Commissioning professional design work can be a fun part of your job, but before you get the ball rolling you need to think carefully about all the details of your project – and get them down in writing.

Taking the time to write a comprehensive, well-structured brief will make sure that everyone who works on the project has a clear understanding of what you want to do, which means that their work is more likely to be right first time.

This will save you time and money in the long run (and let’s be honest – working in the voluntary sector, we don’t always have huge budgets for design).

The length and level of detail will vary depending on the size of the project – use your best judgement. But always be clear and concise, and organise the information under headings.

This how-to takes you through some of the areas that you might want to cover.

1

PROJECT DETAILS – say who you are and what the project is

  • What do you want to produce? What’s the name of the project?
  • Who’s the main contact at your organisation? What are their contact details?
2

BACKGROUND AND CONTEXT – set the scene

  • What does your organisation do? Who do you do it for? How do you do it?
  • Is the work part of a project? If so, explain a bit about it.
  • What’s going on in the sector that you work in? What relevant things are going on in the wider voluntary sector? Write with the assumption that they don’t know anything about your area of work.
  • Are you working in partnership with anyone? Who are they and what is your relationship to them? Do they have to sign off the final piece of work?
3

AIMS – explain what you’re trying to do

You’ve already said what you want to produce, but be clear about what you want it to help you do. The following table contains some examples. 

The thing you want to produce What you want it to do
Signage and banners for a conference Give the conference a brand identity and help people find their way around the venue on the day
A series of web banners and social media images Promote your campaign, raise awareness for your cause and get 50 people to sign up to your mailing list
A membership brochure Promote your membership scheme and recruit 10 new members
A research report Inform people about the findings of your project
4

AUDIENCE – describe the people that you’re targeting

Basic details such as age, gender, job title and location are a starting point, but try to give a fuller picture of who you want to communicate with (keeping it relevant to the project).

  • Do they already know who you are? If so, what do they think of you?
  • What do they care about? What’s important to them? What do they respond well to?
  • What difficulties do they face? What pressures are they under? How will you help them deal with these through your project and its goals?
5

LOOK AND FEEL – guide the creative approach to the project

What tone do you want the work to convey? What feelings do you want it to provoke? Focus on ideas and moods rather than getting into specific details about how you think something should look. Below are some examples of what this might sound like.

  • Playful and light hearted, but remaining professional and not veering into wackiness
  • Optimistic and motivating; frank and open about difficult truths, but expressing hope that they can be overcome
  • Friendly and relatable, but with a sense of authority that inspires confidence

You may have brand guidelines that set out your organisation’s broader style and personality, and rules for how your visual identity should be used; make sure you give these to your designer before they start the work.

6

SCHEDULE – list the project’s deadlines and milestones

Begin by figuring out the absolute final date that you need the work completed – then, if you can, subtract a week. This will give you a bit of slack in case anything gets held up.

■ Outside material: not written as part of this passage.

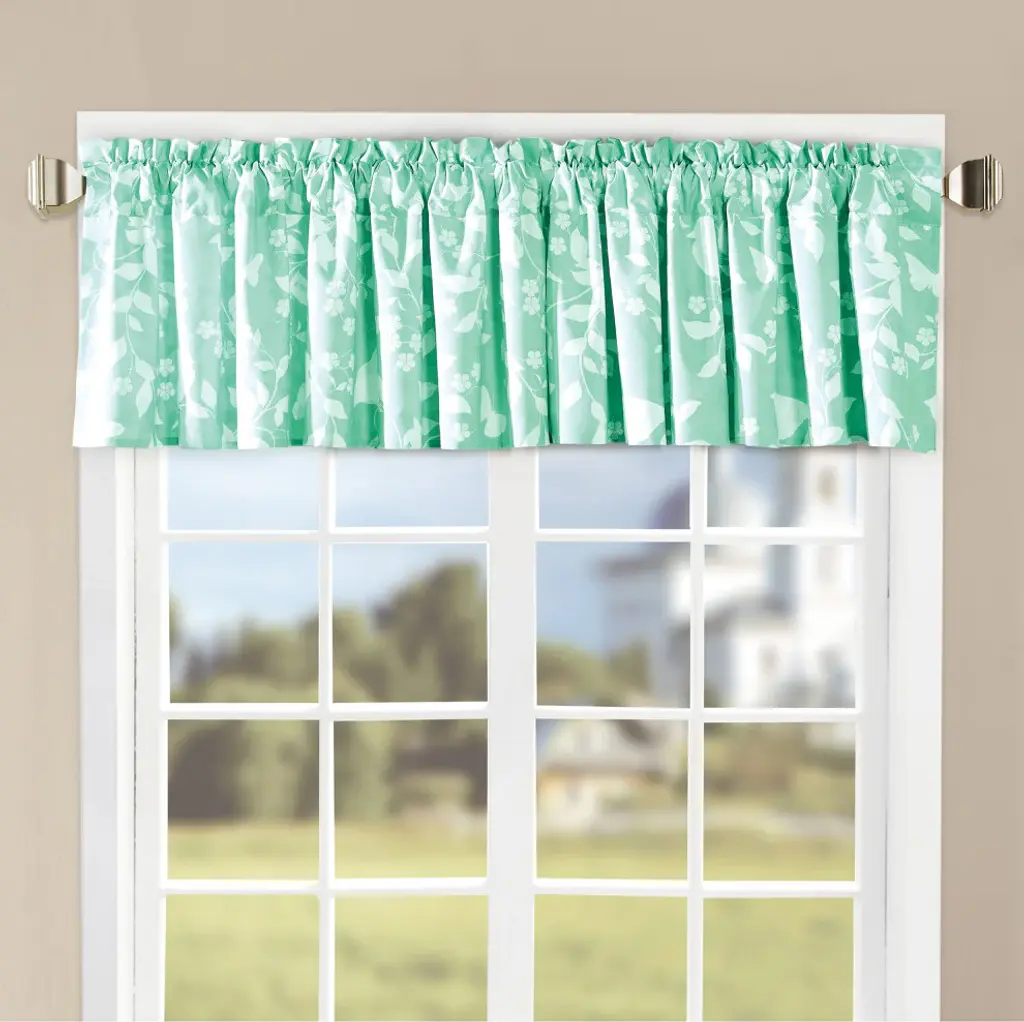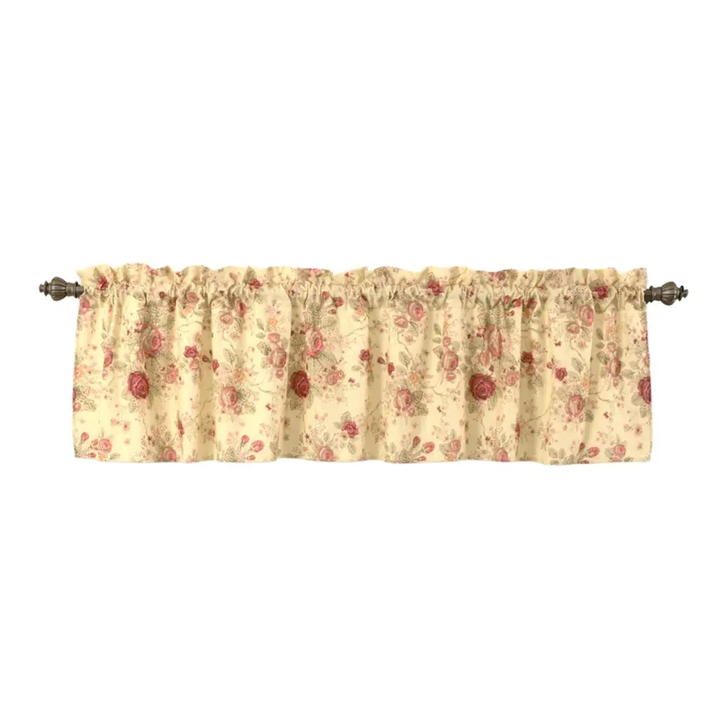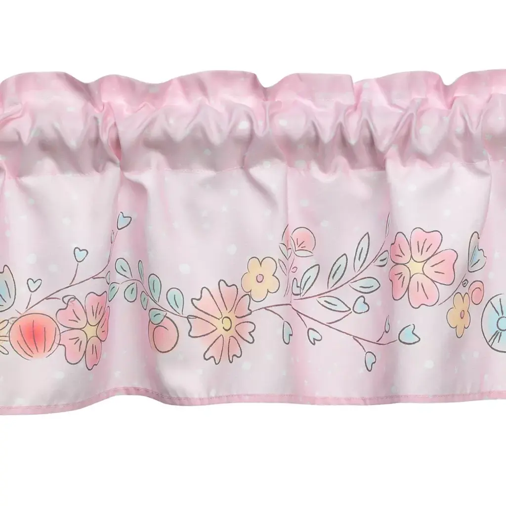 On a pretty pink ground with tossed white stars and a floral garland this window valance will add a sweet finishing touch to your little princess’s room. It is 54” long and 10” high with a 2 ½” wide rod pocket. It is made in a soft microfiber material. Machine washable for easy care.

List any other important dates – for example, if you don’t have all the content (such as text and photos) for the project yet, when will it be ready? If you need to review and agree design options at a meeting with your partners, do you know when that will be?

7

BUDGET – let them know what you can spend

Being upfront about your budget will make sure that the designer proposes an approach to the project that you can afford.

It can be useful to give a range of figures (eg between £200 and £300); the top is your maximum budget, the bottom is what you’d ideally like to spend. The designer can then suggest a couple of approaches that fit both ends of the budget: one that’s basic, and one with more bells and whistles.

Money for design work can be tight in our sector, so you’ll understandably want to keep costs down. But try to push the maximum budget as much as possible – you’ll get to explore more ideas and options, which gives you a better chance of finding the perfect approach for your project.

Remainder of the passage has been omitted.